▶ Records for the task
^^^^
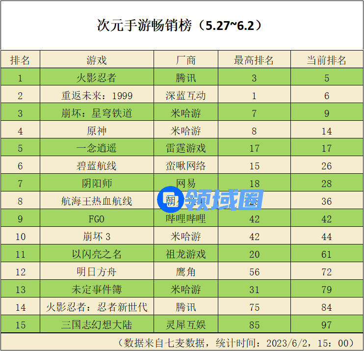 《重返未来:1999》令人惊讶地不在本次榜单第一名,腾讯《火影忍者》在七麦数据IOS端收入预估在5月31号仅27万美元,而6月1号一跃跳至161万美元,以1万刀的微弱优势拔得头筹;而米哈游作品少见地四作同时进入畅销榜Top100并且《崩坏:星穹铁道》流水依然稳定;蛮啾网络的《碧蓝航线》也因周年庆强势上榜,位居二游第六。
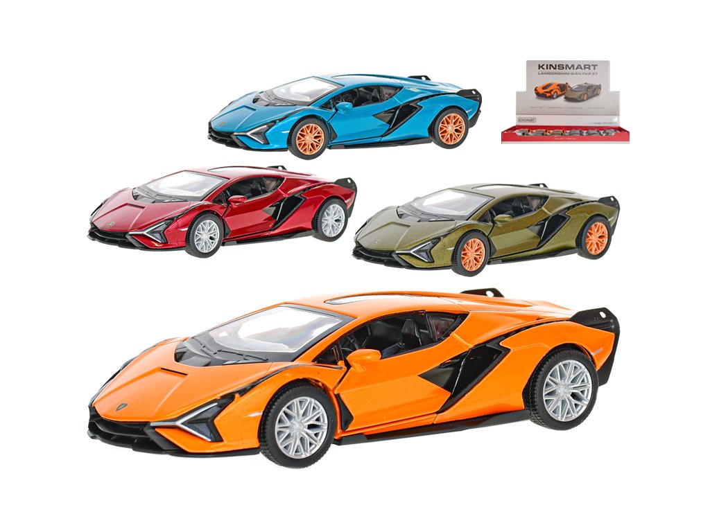 Kinsmart Auto Lamborghini Sián 12,5cm 1:40 kov zpětný chod 4barvy 12ks v DBX
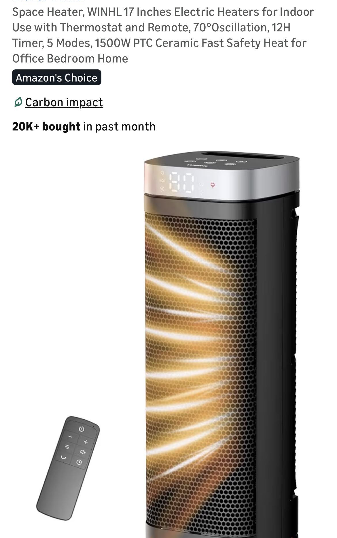 Space Heater, WINHL 17 Inches Electric Heaters for Indoor Use #D49
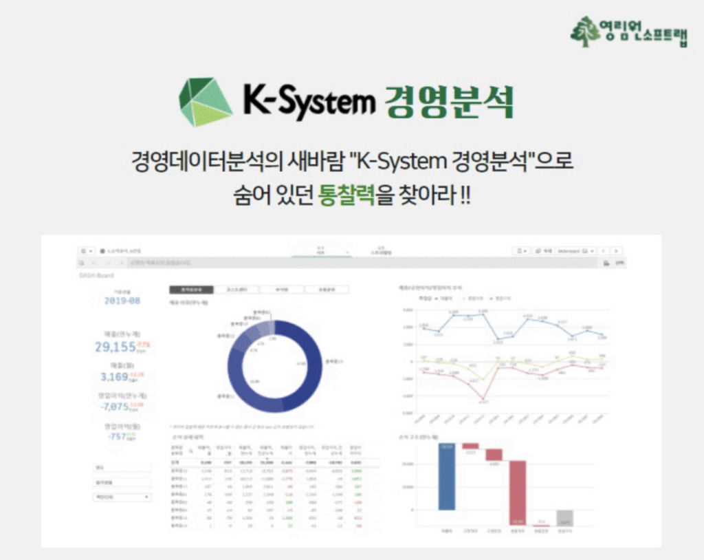 고객기업의 경영수단으로서의 기업통합정보시스템, ERP 를 고집한 영림원소프트랩이 고객의 숨어있는 데이터를 분석하여 새로운 통찰력을 제공하여 경영에 새바람을 불어넣고 있다. K-System 경영분석 패키지는 세계 1위 BI 분석도구인 Qlik Sense 를 활용하여 ERP 시스템의…
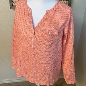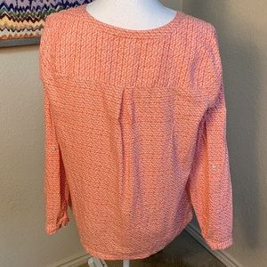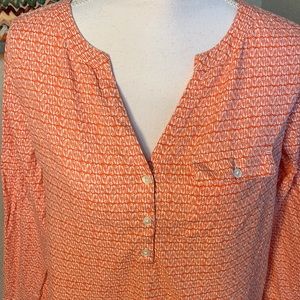 J. Jill women’s size small top. Soft orange and white print. 100% cotton (very soft). Placket front. Convertible sleeves. Bust measure 42”. Length is 23”. Excellent condition. 621/26
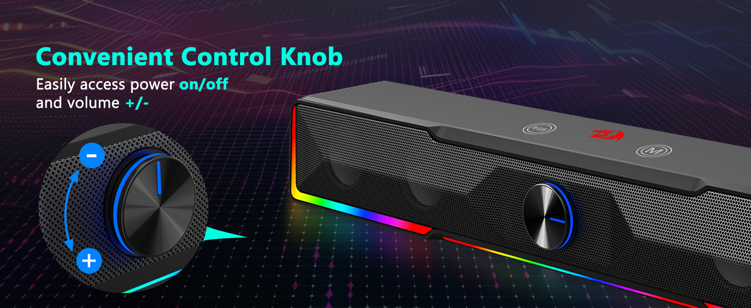 Eng Schlëssel Feature vum Black GS516 Bluetooth / USB Wired Connection Soundbar Volume Knob Computer Speaker ass seng intuitiv Volumen Knob Kontroll. Dëse kierperlechen Dial erlaabt d'Benotzer séier Audioniveauen unzepassen ouni Software-Astellungen ze navigéieren.
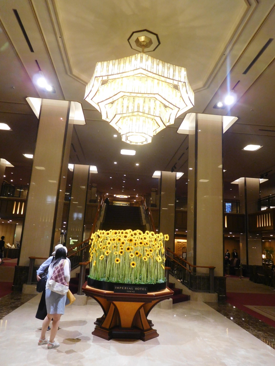 帝国ホテルでの親族の結婚式に出席しました。その少し前に、テレビで帝国ホテルの紹介をする番組があり、どんなに細かなところまで気配りをしているか幾つも例を挙げていました。その一例は、ロビーの生花は一輪たりとも傷んだものがないようにしているとありましたが、確かにその通りでした。結婚式の食事もとてもおいしかったです。
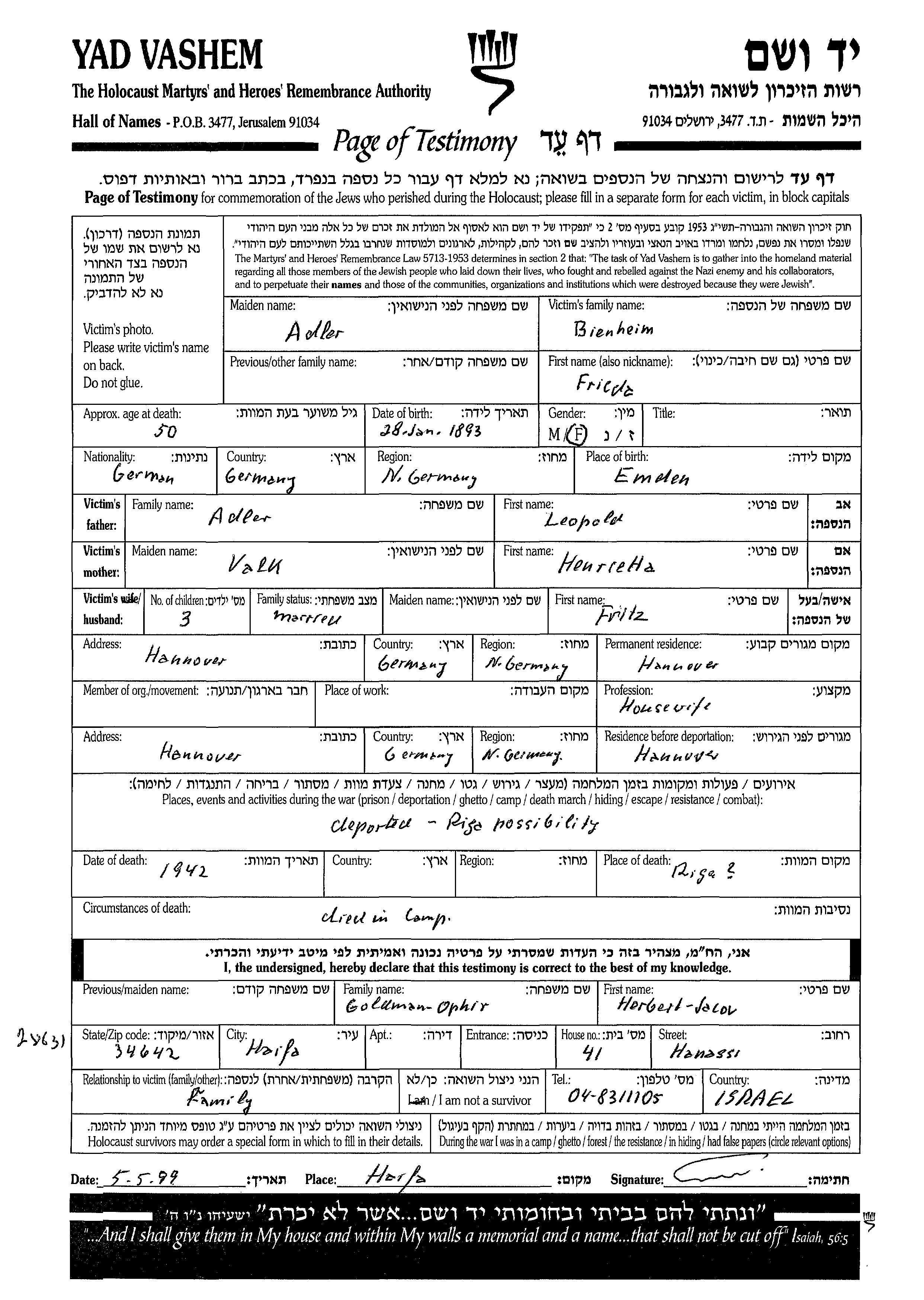 Frieda Binheim Bienheim nee Adler was born in Emden, Germany, 1893. She was a housewife. Prior to WWII she lived in Hannover, Germany. Frieda was murdered in the Shoah. Place of death: unknown, 1942.
^^^^
▶ Task to complete
An unchanged copy of the data, images excluded, is all that should be given.

▶ Response below
 《重返未来:1999》令人惊讶地不在本次榜单第一名,腾讯《火影忍者》在七麦数据IOS端收入预估在5月31号仅27万美元,而6月1号一跃跳至161万美元,以1万刀的微弱优势拔得头筹;而米哈游作品少见地四作同时进入畅销榜Top100并且《崩坏:星穹铁道》流水依然稳定;蛮啾网络的《碧蓝航线》也因周年庆强势上榜,位居二游第六。
 Kinsmart Auto Lamborghini Sián 12,5cm 1:40 kov zpětný chod 4barvy 12ks v DBX
 Space Heater, WINHL 17 Inches Electric Heaters for Indoor Use #D49
 고객기업의 경영수단으로서의 기업통합정보시스템, ERP 를 고집한 영림원소프트랩이 고객의 숨어있는 데이터를 분석하여 새로운 통찰력을 제공하여 경영에 새바람을 불어넣고 있다. K-System 경영분석 패키지는 세계 1위 BI 분석도구인 Qlik Sense 를 활용하여 ERP 시스템의…
 J. Jill women’s size small top. Soft orange and white print. 100% cotton (very soft). Placket front. Convertible sleeves. Bust measure 42”. Length is 23”. Excellent condition. 621/26
 Eng Schlëssel Feature vum Black GS516 Bluetooth / USB Wired Connection Soundbar Volume Knob Computer Speaker ass seng intuitiv Volumen Knob Kontroll. Dëse kierperlechen Dial erlaabt d'Benotzer séier Audioniveauen unzepassen ouni Software-Astellungen ze navigéieren.
 帝国ホテルでの親族の結婚式に出席しました。その少し前に、テレビで帝国ホテルの紹介をする番組があり、どんなに細かなところまで気配りをしているか幾つも例を挙げていました。その一例は、ロビーの生花は一輪たりとも傷んだものがないようにしているとありましたが、確かにその通りでした。結婚式の食事もとてもおいしかったです。
 Frieda Binheim Bienheim nee Adler was born in Emden, Germany, 1893. She was a housewife. Prior to WWII she lived in Hannover, Germany. Frieda was murdered in the Shoah. Place of death: unknown, 1942.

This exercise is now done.